By BBN Staff: The Special Envoy for Women and Children (SEWC), Mrs. Kim Simplis Barrow, issued a statement today condemning the use of corporal punishment as a means of disciplining children.
Taking to social media, Barrow noted that Belize was the fifth country in the world to ratify the Convention on the Rights of the Child which requires the country to take steps to ensure that children are proctected from all forms of physical violence, injury, or abuse, including the practice of corporal punishment.
Barrow notes that the Committee on the Rights of the Child and Human Rights Committee has repeatedly recommended that Belize amend Section 27 of the Criminal Code which makes provision for parents to use force to discipline their children.
“With the ongoing stresses in our households, due to COVID-19, we must ensure that our most vulnerable are protected and not encourage practices that could harm children’s physical and mental well-being.
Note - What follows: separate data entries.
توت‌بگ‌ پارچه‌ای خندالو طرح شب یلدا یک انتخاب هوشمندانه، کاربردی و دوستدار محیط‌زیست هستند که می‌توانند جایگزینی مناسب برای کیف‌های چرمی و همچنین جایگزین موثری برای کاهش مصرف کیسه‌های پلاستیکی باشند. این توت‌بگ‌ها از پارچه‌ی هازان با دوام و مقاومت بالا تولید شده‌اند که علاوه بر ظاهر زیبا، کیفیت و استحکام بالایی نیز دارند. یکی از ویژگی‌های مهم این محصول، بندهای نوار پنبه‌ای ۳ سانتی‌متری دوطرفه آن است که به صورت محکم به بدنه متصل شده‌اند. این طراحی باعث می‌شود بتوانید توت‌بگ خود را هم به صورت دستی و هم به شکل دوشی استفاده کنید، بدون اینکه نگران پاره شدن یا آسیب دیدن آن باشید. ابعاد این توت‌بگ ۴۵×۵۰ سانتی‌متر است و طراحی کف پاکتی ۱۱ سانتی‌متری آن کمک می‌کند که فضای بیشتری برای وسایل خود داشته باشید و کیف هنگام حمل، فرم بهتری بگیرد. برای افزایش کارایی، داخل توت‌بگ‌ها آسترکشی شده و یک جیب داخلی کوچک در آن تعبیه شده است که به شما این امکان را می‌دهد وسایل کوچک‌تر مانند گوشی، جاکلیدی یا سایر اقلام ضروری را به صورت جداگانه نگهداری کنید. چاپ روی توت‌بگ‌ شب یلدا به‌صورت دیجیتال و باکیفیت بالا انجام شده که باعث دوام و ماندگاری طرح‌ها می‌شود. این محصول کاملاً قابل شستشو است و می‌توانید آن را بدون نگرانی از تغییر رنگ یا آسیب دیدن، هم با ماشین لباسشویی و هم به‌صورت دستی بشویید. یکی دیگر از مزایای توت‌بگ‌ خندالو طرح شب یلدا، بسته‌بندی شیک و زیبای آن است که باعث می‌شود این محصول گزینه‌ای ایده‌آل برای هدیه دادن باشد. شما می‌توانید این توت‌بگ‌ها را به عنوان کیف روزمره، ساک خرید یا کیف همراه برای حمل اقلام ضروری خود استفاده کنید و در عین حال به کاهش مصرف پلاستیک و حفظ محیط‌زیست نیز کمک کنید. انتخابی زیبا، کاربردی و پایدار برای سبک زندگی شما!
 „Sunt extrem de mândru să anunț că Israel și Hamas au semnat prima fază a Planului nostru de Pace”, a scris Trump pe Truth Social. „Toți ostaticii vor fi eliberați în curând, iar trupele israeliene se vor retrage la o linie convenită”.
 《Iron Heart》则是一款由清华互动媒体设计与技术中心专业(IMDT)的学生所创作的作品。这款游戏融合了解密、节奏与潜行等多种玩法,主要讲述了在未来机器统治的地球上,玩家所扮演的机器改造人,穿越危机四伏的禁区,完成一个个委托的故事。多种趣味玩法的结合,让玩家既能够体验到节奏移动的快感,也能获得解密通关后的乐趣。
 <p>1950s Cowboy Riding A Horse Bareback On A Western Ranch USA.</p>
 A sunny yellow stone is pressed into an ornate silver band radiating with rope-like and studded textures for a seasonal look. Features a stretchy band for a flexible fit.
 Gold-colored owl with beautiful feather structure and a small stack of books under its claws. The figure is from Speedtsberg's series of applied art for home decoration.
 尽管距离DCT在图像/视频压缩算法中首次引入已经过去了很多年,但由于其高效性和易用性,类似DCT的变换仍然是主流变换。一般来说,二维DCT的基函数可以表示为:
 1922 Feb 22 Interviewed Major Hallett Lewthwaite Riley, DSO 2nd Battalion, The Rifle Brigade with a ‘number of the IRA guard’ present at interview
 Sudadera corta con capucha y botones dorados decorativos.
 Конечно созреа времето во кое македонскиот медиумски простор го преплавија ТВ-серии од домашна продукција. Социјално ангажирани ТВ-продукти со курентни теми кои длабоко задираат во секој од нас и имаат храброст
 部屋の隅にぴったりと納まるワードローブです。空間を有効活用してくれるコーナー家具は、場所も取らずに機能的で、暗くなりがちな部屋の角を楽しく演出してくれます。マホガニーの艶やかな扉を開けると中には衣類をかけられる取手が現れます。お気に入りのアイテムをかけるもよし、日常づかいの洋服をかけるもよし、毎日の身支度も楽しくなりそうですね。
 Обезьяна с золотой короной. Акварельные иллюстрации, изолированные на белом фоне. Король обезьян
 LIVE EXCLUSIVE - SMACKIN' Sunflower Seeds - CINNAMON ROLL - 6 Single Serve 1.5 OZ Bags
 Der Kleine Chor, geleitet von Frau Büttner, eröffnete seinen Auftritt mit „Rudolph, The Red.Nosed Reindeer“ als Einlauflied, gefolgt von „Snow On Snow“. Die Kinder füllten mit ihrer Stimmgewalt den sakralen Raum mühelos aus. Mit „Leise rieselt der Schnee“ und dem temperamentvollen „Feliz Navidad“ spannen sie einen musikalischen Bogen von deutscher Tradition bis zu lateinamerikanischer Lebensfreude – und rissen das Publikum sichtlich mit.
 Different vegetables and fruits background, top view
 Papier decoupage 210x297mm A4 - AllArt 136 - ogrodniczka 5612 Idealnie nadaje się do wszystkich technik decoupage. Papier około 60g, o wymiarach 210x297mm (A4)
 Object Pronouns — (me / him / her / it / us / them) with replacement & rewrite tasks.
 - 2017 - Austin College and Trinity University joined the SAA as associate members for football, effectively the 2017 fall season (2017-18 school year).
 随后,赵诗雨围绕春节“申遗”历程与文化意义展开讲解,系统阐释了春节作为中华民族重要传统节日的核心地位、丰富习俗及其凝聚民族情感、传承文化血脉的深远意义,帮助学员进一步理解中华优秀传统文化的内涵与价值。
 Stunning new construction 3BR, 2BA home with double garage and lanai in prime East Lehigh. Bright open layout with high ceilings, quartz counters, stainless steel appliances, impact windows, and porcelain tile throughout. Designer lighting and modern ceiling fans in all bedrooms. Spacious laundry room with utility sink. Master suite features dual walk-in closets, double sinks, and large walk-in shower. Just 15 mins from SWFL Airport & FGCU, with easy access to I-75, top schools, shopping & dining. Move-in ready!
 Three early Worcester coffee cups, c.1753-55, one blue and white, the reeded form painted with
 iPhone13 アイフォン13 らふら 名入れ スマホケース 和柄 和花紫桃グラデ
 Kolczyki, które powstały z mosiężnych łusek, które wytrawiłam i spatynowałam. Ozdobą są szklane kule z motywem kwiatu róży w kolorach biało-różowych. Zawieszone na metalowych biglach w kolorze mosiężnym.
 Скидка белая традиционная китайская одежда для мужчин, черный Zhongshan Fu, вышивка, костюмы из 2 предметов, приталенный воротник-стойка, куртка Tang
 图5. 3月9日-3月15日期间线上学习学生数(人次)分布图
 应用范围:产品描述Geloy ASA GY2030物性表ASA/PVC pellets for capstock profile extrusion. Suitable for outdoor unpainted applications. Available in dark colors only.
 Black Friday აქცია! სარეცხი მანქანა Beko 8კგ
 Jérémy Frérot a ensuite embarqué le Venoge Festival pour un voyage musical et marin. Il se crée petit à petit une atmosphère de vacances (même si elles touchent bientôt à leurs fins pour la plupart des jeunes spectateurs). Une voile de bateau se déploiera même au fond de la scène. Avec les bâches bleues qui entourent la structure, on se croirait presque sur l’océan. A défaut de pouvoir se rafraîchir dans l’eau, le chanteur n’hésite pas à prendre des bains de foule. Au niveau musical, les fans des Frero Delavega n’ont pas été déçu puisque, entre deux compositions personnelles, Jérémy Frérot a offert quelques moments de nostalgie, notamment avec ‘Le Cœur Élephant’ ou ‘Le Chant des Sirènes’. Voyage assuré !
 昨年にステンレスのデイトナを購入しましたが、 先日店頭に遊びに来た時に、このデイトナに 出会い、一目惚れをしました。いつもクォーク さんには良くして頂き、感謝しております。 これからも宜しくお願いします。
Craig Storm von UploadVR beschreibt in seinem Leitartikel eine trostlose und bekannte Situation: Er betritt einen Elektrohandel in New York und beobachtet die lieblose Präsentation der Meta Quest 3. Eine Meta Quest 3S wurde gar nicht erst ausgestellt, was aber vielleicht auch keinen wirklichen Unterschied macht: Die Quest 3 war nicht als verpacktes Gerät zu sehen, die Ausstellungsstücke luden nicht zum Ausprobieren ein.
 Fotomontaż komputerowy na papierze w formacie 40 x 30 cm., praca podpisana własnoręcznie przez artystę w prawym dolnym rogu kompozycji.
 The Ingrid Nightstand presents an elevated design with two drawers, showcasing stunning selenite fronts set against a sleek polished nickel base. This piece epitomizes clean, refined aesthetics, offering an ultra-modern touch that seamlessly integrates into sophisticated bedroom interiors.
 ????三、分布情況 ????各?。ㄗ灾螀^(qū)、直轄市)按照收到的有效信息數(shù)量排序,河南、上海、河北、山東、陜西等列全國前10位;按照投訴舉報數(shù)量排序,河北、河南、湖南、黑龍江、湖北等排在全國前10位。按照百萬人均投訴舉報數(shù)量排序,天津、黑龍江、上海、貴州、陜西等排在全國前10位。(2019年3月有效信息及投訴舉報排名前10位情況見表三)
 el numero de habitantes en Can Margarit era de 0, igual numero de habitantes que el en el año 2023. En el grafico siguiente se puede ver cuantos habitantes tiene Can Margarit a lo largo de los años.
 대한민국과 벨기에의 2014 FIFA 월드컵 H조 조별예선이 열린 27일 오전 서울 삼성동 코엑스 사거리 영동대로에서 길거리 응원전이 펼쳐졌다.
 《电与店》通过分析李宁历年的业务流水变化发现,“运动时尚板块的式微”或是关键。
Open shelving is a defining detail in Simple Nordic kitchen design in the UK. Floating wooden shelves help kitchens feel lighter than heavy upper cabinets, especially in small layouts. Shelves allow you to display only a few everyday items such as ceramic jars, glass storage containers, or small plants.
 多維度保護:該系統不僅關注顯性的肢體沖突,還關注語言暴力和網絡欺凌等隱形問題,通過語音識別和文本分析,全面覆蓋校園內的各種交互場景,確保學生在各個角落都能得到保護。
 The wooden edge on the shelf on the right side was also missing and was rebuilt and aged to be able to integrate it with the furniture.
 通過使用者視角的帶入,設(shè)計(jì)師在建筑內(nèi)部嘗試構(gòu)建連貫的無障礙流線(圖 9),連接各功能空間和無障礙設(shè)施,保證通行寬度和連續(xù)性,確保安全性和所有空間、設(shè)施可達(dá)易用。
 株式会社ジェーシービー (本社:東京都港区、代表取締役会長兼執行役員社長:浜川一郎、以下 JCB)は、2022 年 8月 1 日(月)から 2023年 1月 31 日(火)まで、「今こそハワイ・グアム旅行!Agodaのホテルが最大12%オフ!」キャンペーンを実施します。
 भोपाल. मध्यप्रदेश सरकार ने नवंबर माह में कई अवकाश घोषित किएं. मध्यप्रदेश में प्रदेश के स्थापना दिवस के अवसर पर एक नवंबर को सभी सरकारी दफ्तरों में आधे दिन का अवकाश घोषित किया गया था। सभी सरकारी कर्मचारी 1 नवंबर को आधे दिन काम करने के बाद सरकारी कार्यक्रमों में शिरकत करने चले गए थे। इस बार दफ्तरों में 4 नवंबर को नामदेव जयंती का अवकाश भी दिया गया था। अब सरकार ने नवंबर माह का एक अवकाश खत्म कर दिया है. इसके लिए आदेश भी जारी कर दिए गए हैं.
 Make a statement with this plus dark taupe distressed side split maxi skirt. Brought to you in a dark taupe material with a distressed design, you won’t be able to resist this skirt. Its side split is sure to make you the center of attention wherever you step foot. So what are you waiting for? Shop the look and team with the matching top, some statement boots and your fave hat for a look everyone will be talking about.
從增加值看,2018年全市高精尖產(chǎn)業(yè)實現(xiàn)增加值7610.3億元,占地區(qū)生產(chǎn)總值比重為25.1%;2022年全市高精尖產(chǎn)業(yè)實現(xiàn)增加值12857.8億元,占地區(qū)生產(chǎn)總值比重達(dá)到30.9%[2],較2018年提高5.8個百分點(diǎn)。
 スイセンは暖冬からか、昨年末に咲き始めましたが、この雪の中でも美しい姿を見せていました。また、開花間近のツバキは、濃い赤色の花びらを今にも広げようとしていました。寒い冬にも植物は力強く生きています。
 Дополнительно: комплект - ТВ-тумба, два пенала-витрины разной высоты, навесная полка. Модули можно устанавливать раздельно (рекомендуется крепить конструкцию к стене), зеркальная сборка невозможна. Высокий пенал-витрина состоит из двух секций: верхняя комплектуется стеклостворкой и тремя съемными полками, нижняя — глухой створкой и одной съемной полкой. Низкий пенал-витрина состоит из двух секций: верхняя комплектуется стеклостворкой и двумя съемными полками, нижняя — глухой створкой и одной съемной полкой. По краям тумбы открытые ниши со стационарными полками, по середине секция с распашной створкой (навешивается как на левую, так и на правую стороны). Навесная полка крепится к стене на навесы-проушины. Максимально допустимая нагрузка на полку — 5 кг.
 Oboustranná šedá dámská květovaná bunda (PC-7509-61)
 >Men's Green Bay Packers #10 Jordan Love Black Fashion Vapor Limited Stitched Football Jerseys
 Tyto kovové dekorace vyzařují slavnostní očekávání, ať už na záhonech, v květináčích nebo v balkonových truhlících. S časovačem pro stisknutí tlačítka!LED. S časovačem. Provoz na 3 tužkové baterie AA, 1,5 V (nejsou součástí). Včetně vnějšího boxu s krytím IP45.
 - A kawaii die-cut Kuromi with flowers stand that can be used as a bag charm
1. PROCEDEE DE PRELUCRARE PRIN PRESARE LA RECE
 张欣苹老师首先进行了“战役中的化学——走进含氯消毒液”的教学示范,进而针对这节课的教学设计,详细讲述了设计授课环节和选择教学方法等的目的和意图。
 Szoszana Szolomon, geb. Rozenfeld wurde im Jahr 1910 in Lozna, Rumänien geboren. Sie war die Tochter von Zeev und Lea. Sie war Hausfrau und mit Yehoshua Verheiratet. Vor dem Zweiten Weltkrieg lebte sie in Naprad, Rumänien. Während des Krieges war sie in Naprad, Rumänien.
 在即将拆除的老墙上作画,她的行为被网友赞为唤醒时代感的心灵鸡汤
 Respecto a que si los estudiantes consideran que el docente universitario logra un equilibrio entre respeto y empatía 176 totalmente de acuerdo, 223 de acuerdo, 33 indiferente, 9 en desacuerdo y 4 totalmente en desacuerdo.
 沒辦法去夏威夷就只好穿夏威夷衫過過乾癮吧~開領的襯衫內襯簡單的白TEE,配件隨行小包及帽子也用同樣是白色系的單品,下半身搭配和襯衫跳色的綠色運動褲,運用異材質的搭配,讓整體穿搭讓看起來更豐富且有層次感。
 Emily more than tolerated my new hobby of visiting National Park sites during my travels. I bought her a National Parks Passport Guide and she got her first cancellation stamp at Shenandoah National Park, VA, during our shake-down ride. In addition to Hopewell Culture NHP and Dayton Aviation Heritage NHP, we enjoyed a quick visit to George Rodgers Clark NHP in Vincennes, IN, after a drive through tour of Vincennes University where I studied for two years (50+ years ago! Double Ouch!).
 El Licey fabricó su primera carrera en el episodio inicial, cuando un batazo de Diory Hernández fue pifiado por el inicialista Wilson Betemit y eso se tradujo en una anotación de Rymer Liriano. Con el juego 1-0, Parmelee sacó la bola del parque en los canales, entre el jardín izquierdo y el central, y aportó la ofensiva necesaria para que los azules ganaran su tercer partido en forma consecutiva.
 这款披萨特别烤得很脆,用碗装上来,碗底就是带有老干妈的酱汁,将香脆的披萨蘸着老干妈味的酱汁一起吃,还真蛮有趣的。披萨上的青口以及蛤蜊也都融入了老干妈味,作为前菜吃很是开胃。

We encourage parents and caregivers to use positive discipline methods that teach children appropriate behaviors through respectful and non-violent practices such as correcting misbehavior, rewarding correct behavior, and consequences,” the SEWC said.
While Barrow’s statement did not target a specific event, it notably follows statements made by Attorney General Michael Peyrefitte and Commissioner of Police Chester Williams yesterday, who both endorsed corporal punishment as a means of discipline.
Peyrefitte stressed that all citizens have a role to play in the fight against crime and violence and that parents have a special obligation to ensure that their children are raised properly. In that light, he views it an obligation for parent to discipline their children, even if that discipline needs to be in form of corporal punishment. Williams agreed, noting that the force used must be reasonable and not cause harm or injury to the child.